The Royals reason they’re out of the cellar, why keep reminding folks of the friends they had when they were down there. I think this is a “duh”, a given. If you call yourself “The Royals” why even consider you’ve got friends in low places. No, you don’t. All your friends are snooty and you need a better song.
We’re trying to help. Lyle even wants to contribute. Kansas City, by the way, has a lot of songs with its name in it. One of them was written by great team of Rodgers and Hammerstein with this line “Everything is Up to Date in Kansas City. They’ve gone about as far as they can go.” The problem with that song is it brings up another state plus I don’t think they’ve gone that far.
Kansas City Star is a good little song about a kid’s show TV star being a big fish in Kansas City. Roger Miller, another Oklahoman, might just be the right guy to replace Garth. It has the line “I’m the king of Kansas City, no thanks, Omaha, thanks a lot.” Roger seems to like to use the word “king” in his lyrics if you remember “King of the Road.” To us, that’s perfect for Royals, even if the “King” is a kiddie show host or a hobo.
Or do we go from Garth to the girl band Shangri-Las with their “Train From Kansas City.” The fans get to stand up and sing about a lying woman. At least it won’t be hobos, although there are trains involved. Lying women show up often in Kansas City songs.
Do we consider Stoller and Lieber’s Kansas City which has been covered by everybody? I do mean everybody, Fats Domino, Muddy Waters, Willie Nelson, Bill Haley, Lou Rawls. All these guys sang:
“I’m goin’ to Kansas City, Kansas City here I come (repeat)
They got some crazy little women there, and I’m gonna get me one
I’m gonna be standing on the corner, of Twelfth Street and Vine (repeat)
With my Kansas City baby, and a bottle of Kansas City wine…

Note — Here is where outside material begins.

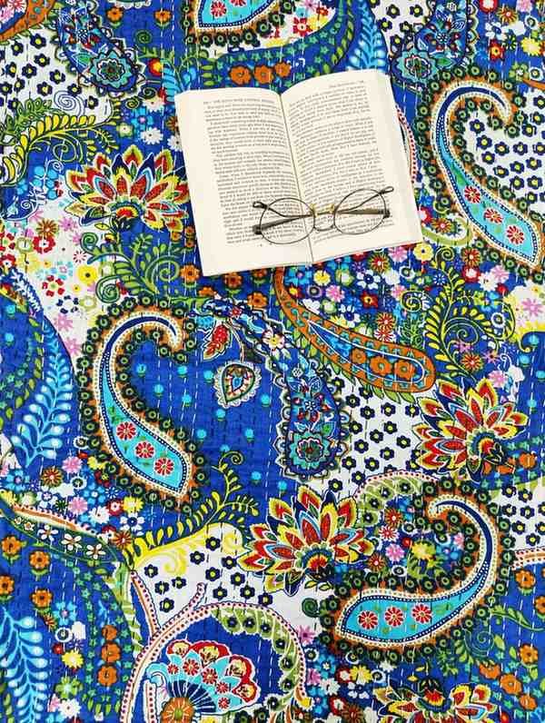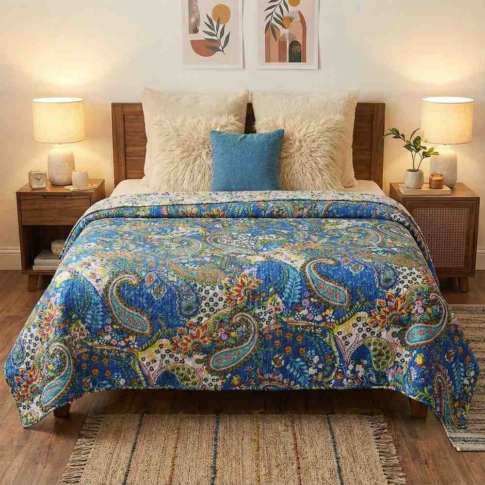 Specification: Beautiful print in royal blue kantha work double-bed bedcover in pure cotton
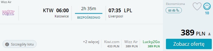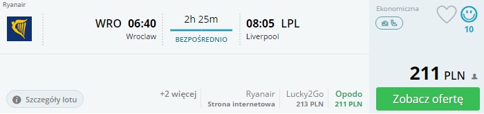 Proponujemy kilka wylotów umożliwiających transport do Manchesteru: dzień przed meczem do Liverpoolu z Warszawy za 193 zł REZERWUJ ==== >, lub Katowic za 344 zł* (cena regularna 389 zł) REZERWUJ ==== >. W dniu meczu możemy skorzystać z wylotu z Wrocławia do Liverpoolu za 211 zł REZERWUJ ==== >.

This would be a great 6th inning song except for one thing, they’re ALREADY in Kansas City! They don’t need to go there. They don’t need to tell people they’re coming there, PLUS Kauffman Stadium, home of the Royals is nowhere near 12th Street and Vine! PLUS, 12th Street and Vine doesn’t even EXIST anymore! They ripped out everything north of 18th when they put in the Negro Leagues Hall of Fame. It’s a wonderful song but a terrible one to be singing on Stadium Drive when you’re already IN Kansas City.
We think if you’re going to kick out Garth, an Oklahoman, and his song, the least you can do is replace him with another Oklahoman. And don’t be snooty about it, even though you’re the ROYALS. Be free spirited, don’t pay no union dues, and two hours of pushin’ broom buys an eight by twelve four-bit room. And to symbolize a good road record, own it… be King of the Road. Serve little green apples in the stadium. Sing that Roger Miller song. When the sixth inning comes around, have a hobo wearing a crown clean the plate by pushing a broom. Yes, you’re the Royals, but no need to be full of yourselves.